Sanforization

Sanforization is a process of treatment used for cotton fabrics mainly and most textiles made from natural or chemical fibres, patented by Sanford Lockwood Cluett (1874–1968) in 1930.[1] It is a method of stretching, shrinking and fixing the woven cloth in both length and width before cutting and producing, to reduce the shrinkage which would otherwise occur after washing.

The cloth is continually fed into the sanforizing machine and therein moistened with either water or steam. A rotating cylinder presses a rubber sleeve against another, heated, rotating cylinder. Thereby the sleeve briefly gets compressed and laterally expanded, afterwards relaxing to its normal thickness. The cloth to be treated is transported between rubber sleeve and heated cylinder and is forced to follow this brief compression and lateral expansion, and relaxation. It is thus shrunk.
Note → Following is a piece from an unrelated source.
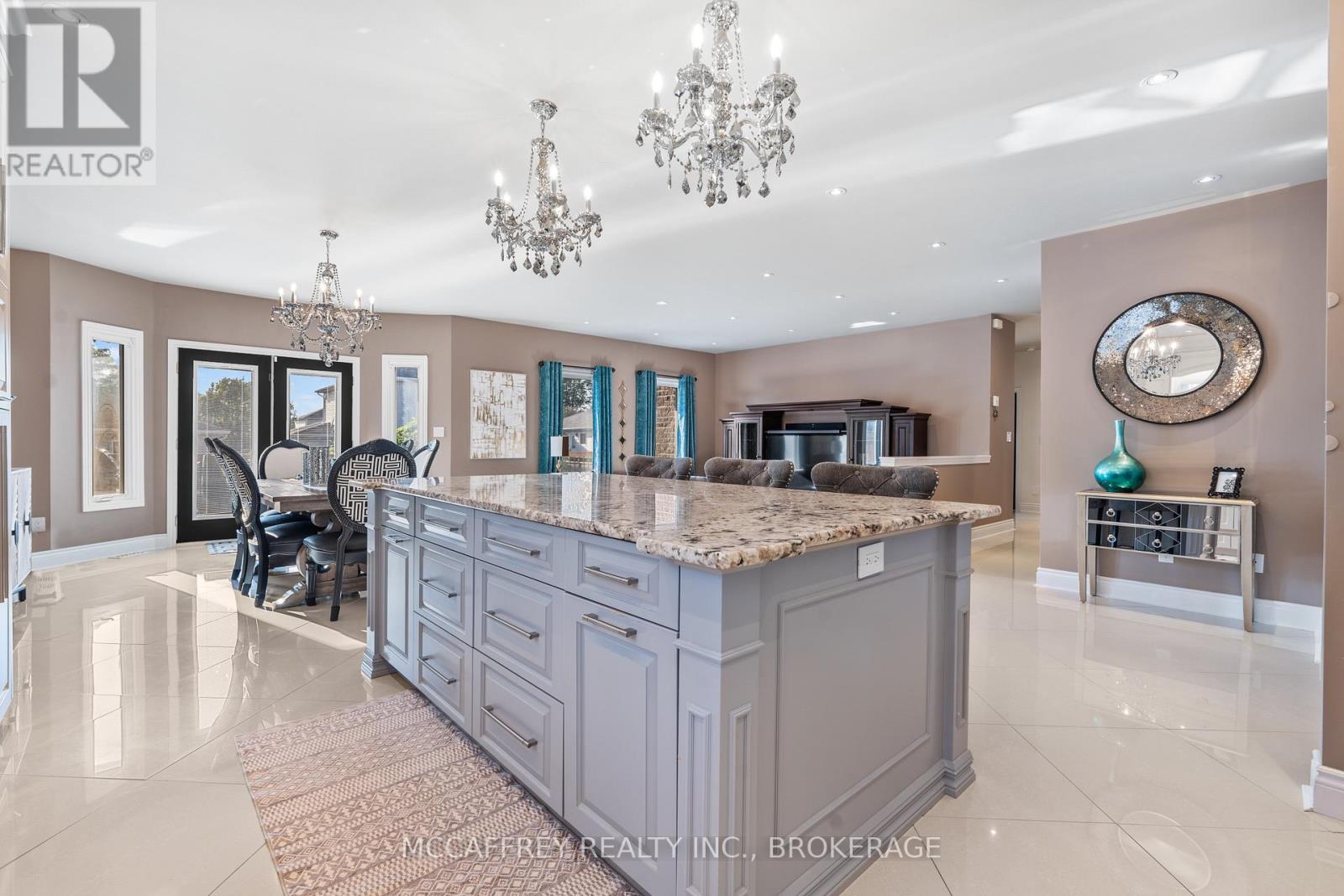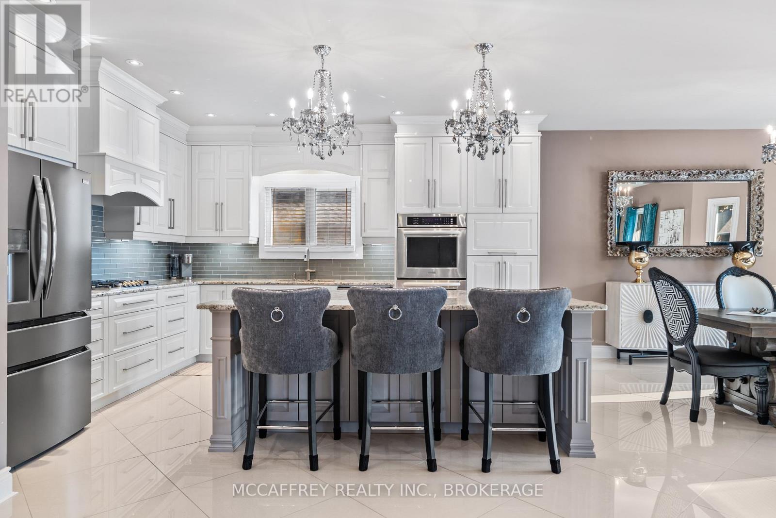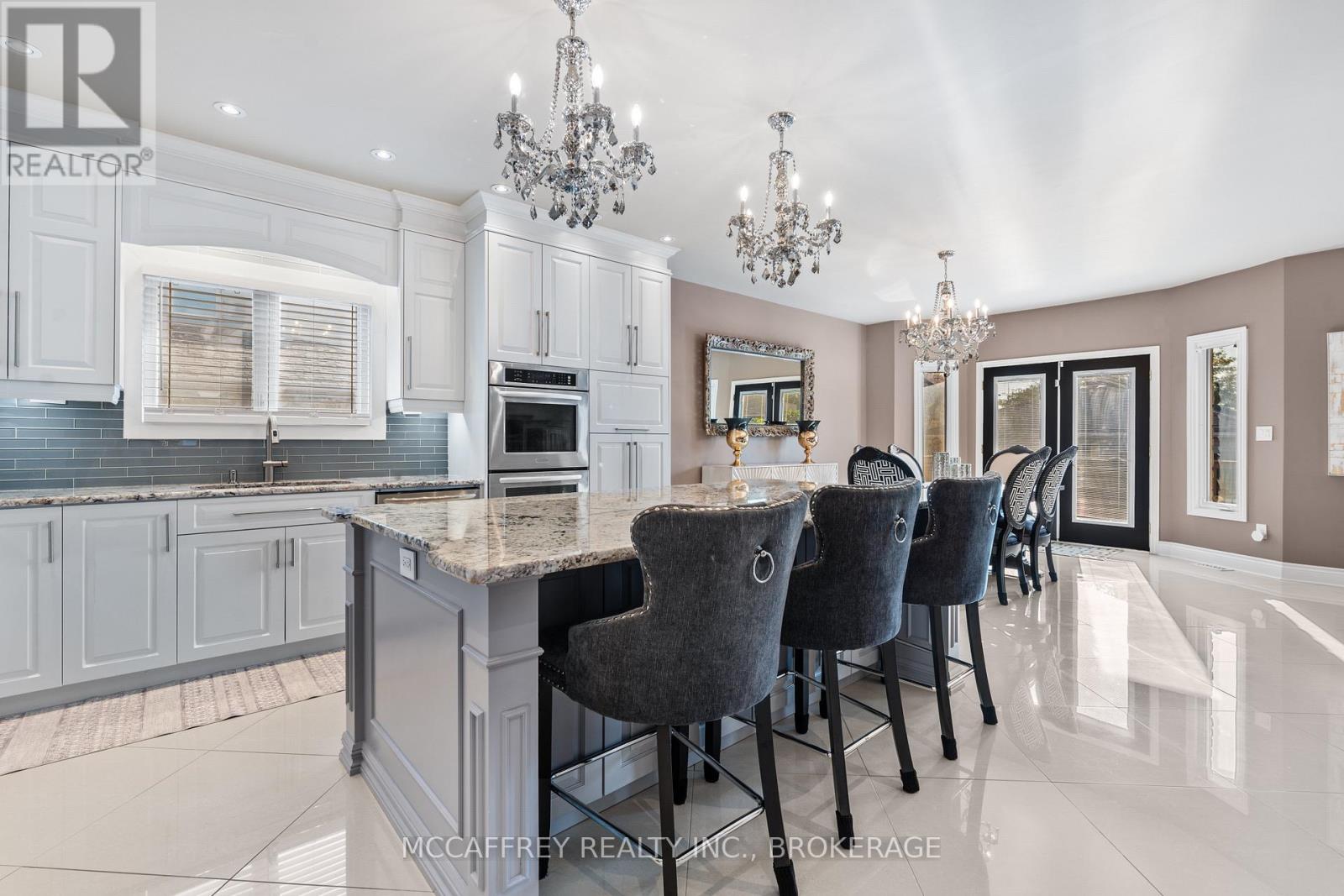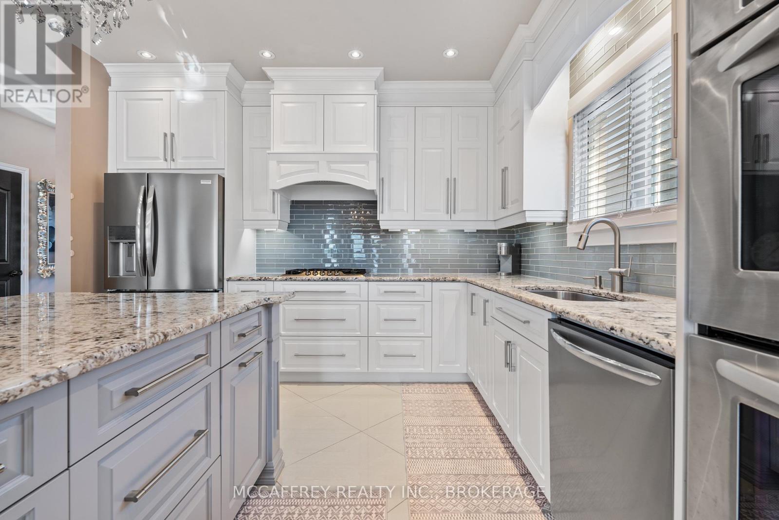 Luxurious, high-end all-brick bungalow nestled at the end of a quiet cul-de-sac is the epitome of elegance and modernity. Beautifully landscaped outdoor space along with a double wide paved driveway and a two-car attached garage offers ample space. The front yard also features an irrigation system, maintaining the greenery with pristine care. Step inside to be instantly captivated by the bright and airy open floor layout accentuated by inviting 9ft ceilings. Admire the exquisite, large white tile flooring that runs throughout this renovated beauty, giving it a fresh and contemporary feel. The home boasts an office and a spacious bedroom, both adorned with high-quality hardwood floors. The grand, chef-inspired kitchen steals the show with an enormous center island topped with stunning Granite countertops. Also featuring ultra-modern built-in appliances, sliding cupboard drawers, and a hideaway microwave - a blend of style and functionality. The adjacent dining room, equipped with patio doors, offers an irresistible view of the fully-fenced backyard. The sunken living room offers plenty of extra space for gatherings. The main floor further features a gold accented 3pc bath, convenient laundry space, large Primary bedroom with a walk-in closet, 4pc ensuite, and an additional bedroom. As you venture downstairs, you'll discover a fully finished rec room, ample storage space, the potential for a wet bar, an additional bedroom with an extra-large closet and an accessible utility room. The lower level also houses a separate in-law suite. This suite is immaculately finished and equipped with Quartz countertops in the kitchen, 4pc bath, designated laundry space, and double doors for privacy and convenience. This suite comes with its own exterior entry via a side pathway, offering easy access and Independent living options. 3pc bath' 25, In-law Suite' 23, Kitchen remodel '18, Main floor remodel '17 and much more! (id:64974)

The greater the pressure applied to the rubber sleeve during the sanforization process, the less shrinking will occur once the shirt is in use. The process may be repeated.

The aim of the process is a cloth which does not shrink significantly during production by cutting, ironing, sewing or, especially, by wearing and washing the finished clothes. Cloth and articles made from it may be labelled to have a specific shrink-proof value (if pre-shrunk), e.g., of under 1%.

Notes

  1. Simpson, J. R.; Weiner, E. S. C. (1989). The Oxford English dictionary. Oxford: Clarendon Press. ISBN 0-19-861186-2.